Description: Customers experienced Rightscript executions and audit entries failing while using the Cloud Management Platform on Shard 4.
Timeframe: May 8th 01:54 am to May 8th 06:30 am PDT
Incident Summary
On Saturday May 8th at 01:54 am PDT, customers using the Cloud Management Platform reported experiencing Rightscript executions and audit entries failing while using the Cloud Management Platform. Technical teams were engaged and confirmed customer reports. While investigating the issue, services began operating normally and technical staff were unable to find the cause or what resolved the issues.
After monitoring services for a number of hours, the Incident was declared resolved at 06:30 am PDT on May 8th.
On Monday May 10th, additional investigations revealed that a number of Instances had not been “discovered” and made available to manage.

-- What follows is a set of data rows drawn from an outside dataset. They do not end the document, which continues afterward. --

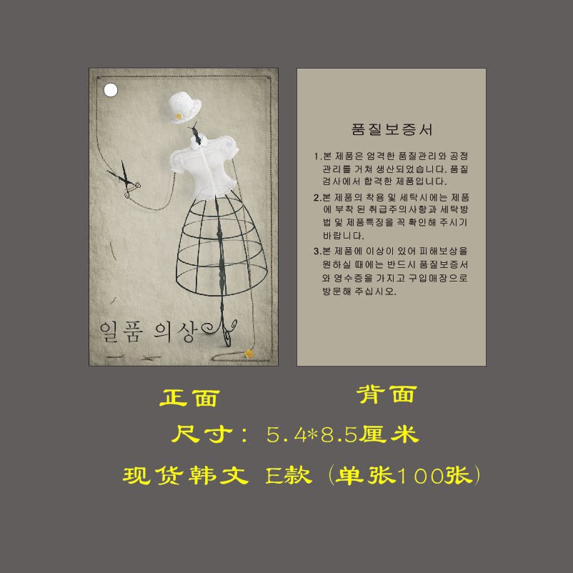 | Цвет: | В наличии 100 корейских листовок на белом фоне (веревка в комплекте), Индивидуальная фотопечать логотипа, В наличии 100 бирок корейской детской одежды., Spot Корейский набор из 2 листов по 100 шт., В наличии 100 листов типа А (верёвка в комплекте), В наличии 100 листов типа Б (с верёвкой в комплекте), В наличии 100 листов типа С (с верёвкой в комплекте), В наличии 100 листов типа Д (с верёвкой в комплекте), В наличии 100 листовок в стиле E (с веревкой в комплекте) |
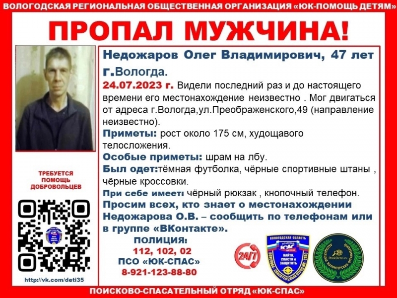 47-летний житель Вологды ушел 25 июля с адреса Преображенского, 49. На следующий день пытался связаться с родными по телефону, но не смог объяснить, где находится. С тех пор мобильный отключен. Мужчина нуждается в медицинской помощи.
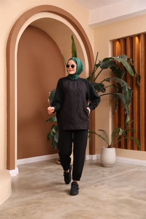 "Şıklığı ve konforu bir araya getiren bu ikili takım, kapitone garnili tesettüre uygun eşofman takımı, özel olarak tasarlanmış bambu kumaştan üretilmiştir. Yumuşak dokusu ve nefes alabilir yapısıyla konforlu bir giyim deneyimi sunar. Şıklığı ve rahatlığı bir araya getiren bu takım, özellikle tesettür giyimde tarzını korumak isteyenler için ideal bir seçenektir. Özel tasarım detayları ve dayanıklı malzemesiyle günlük kullanıma uygun, şık ve fonksiyonel bir tercihtir.
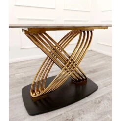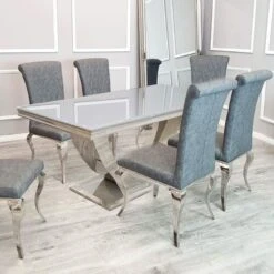 Bringing the glam to your dining room the stunning designed Arial 1.8 m Pandora Marble Dining Table featuring a polished stainless steel swooping base making a statement in your home. The table is topped with a incredibly hardwearing and scratch resistant pandora marble top. The table comes with sleek lines and smooth materials adding elegance and making it easy to clean for a busy family. The dining table seats up to 8 people and can be displayed with your own choice of dining chairs.
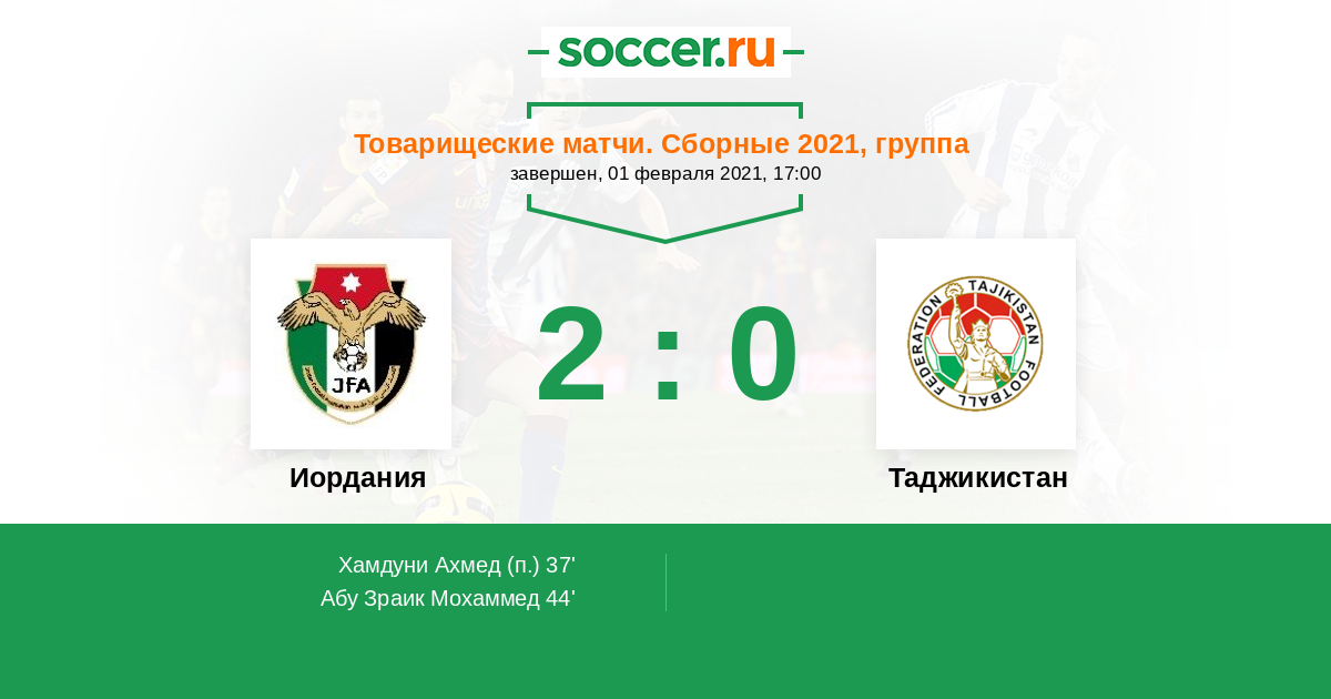 Протокол матча Иордания против Таджикистан
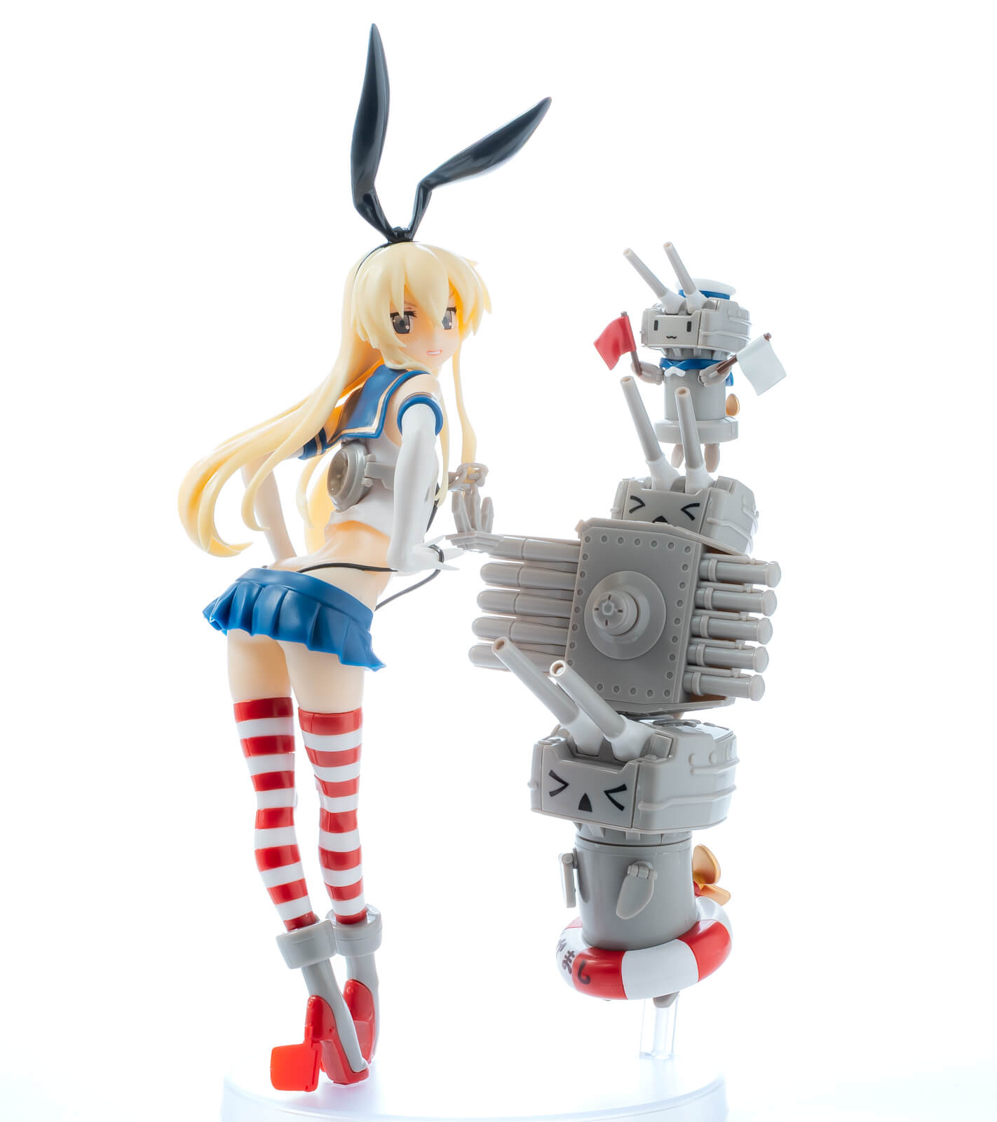 改めて2014年の塗装済み完成品フィギュアの写真を眺めてみると、当然ながらシマシマニーソは塗装表現だし、肌にはシャドウが吹いてあったり連装砲は濃淡のグレーが使い分けられていたり砲口がブラックアウトされていたりと、細かい技が光りまくっているんですよね。プラモデルで再現されているのはキャラクターの基本的な造形とカラーリング……と考えると、ここからさらに手を加えてブラッシュアップできるところは無数にあります。かつての名作フィギュアが目指した高みを思い起こしながらこのプラモデルを磨き上げるのも楽しみな、奥行きの深い一作と言えるでしょう。みなさんも、ぜひ!
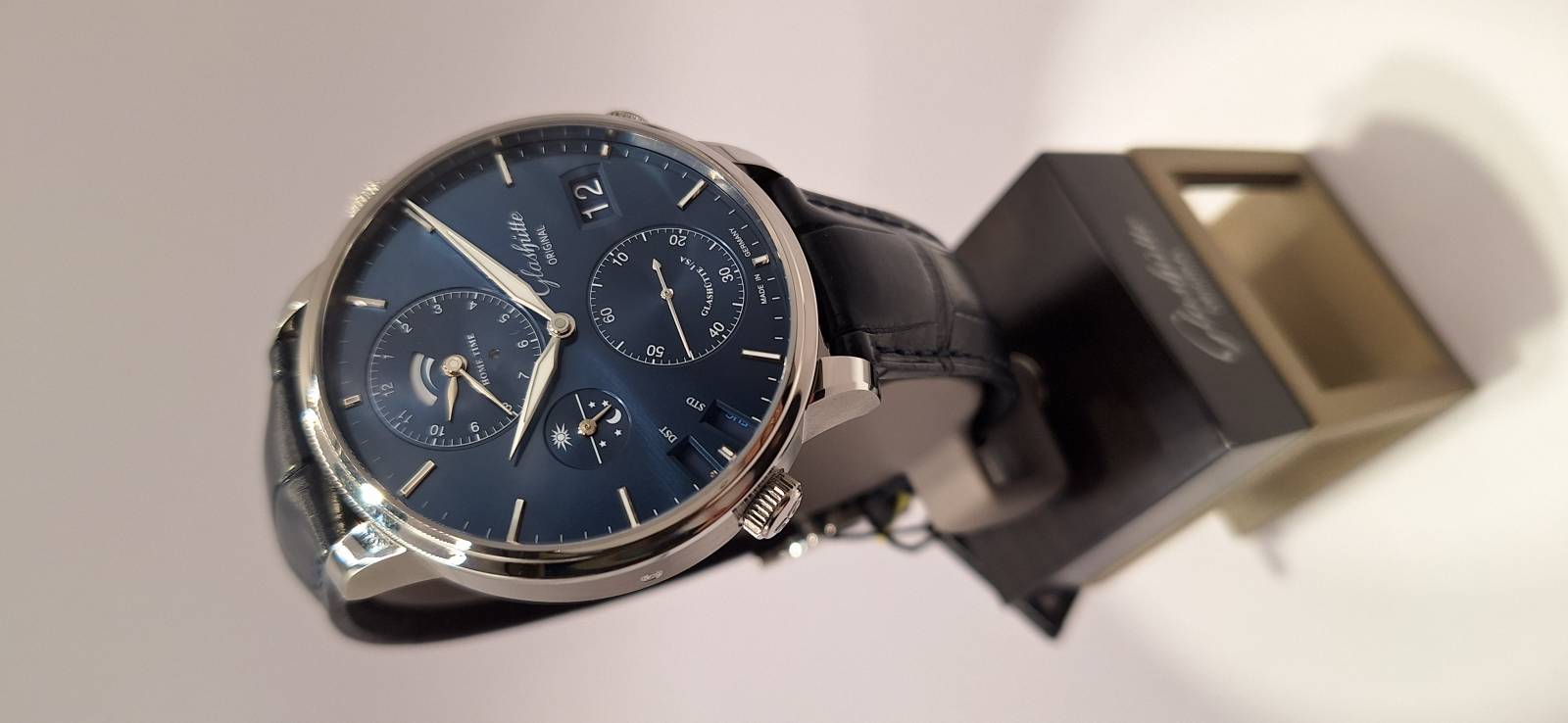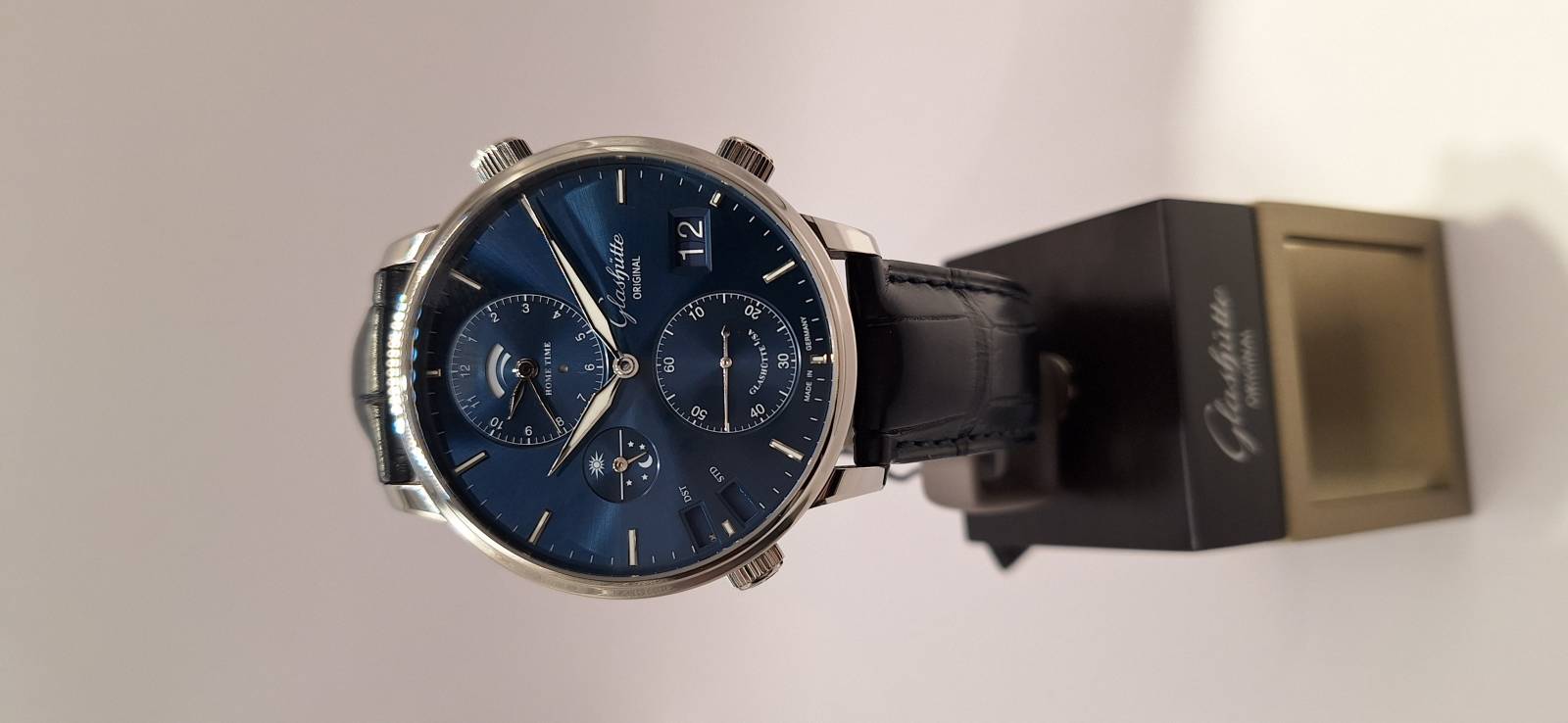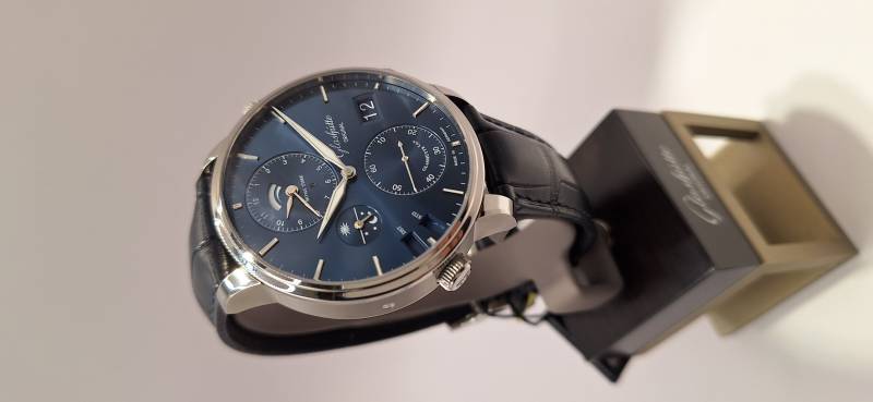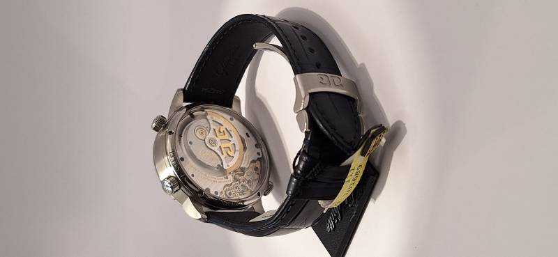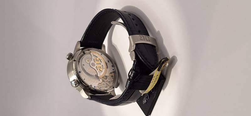Orologio nuovo, carica automatica,secondi indipendenti al 6, data panoarmica, indicazione di un secondo fuso orario indicazione giorno/notte per il fuso locale, ore del mondo con memorizzaione dei fusi orari del mondo compresi i fusi da mezz'ora e tre quarti d'ora. Cassa in acciaio mm 44 di diametro e spessore mm 14 vetro zaffiro superiore e in vetro zaffiro. Impermeabile a 5 bar. Movimento a carica automatica calibro di manifattura 89-02, rotore con appliacazioni in oro 21 Kt .
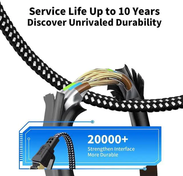 Marvelous Durability Flat ethernet cable wrapped with quality cotton braided cord, which makes the lan cable stronger and more durable. And this sturdy ethernet cable cat 8 can be bended at least 10 thousands times, so that you can reuse it without any concerns.

Technical Staff ran a manual clean up script to update the database with the missing instances.
Root Cause
• Despite a thorough investigation by Engineering and SRE staff, the root cause of these issues is unable to be determined.
Corrective Action
• Additional logging has been enabled in case this event reoccurs.
• Auditing processes have been uplifted to alert if in the future new Instances are not updated by discovery services.
• Auditing processes will now automatically update any “undiscovered” instances on an hourly basis.
• RightNet Agent management services have been uplifted to include more comprehensive alerting and monitoring, including the ability to repair Agent disconnects automatically on an hourly basis.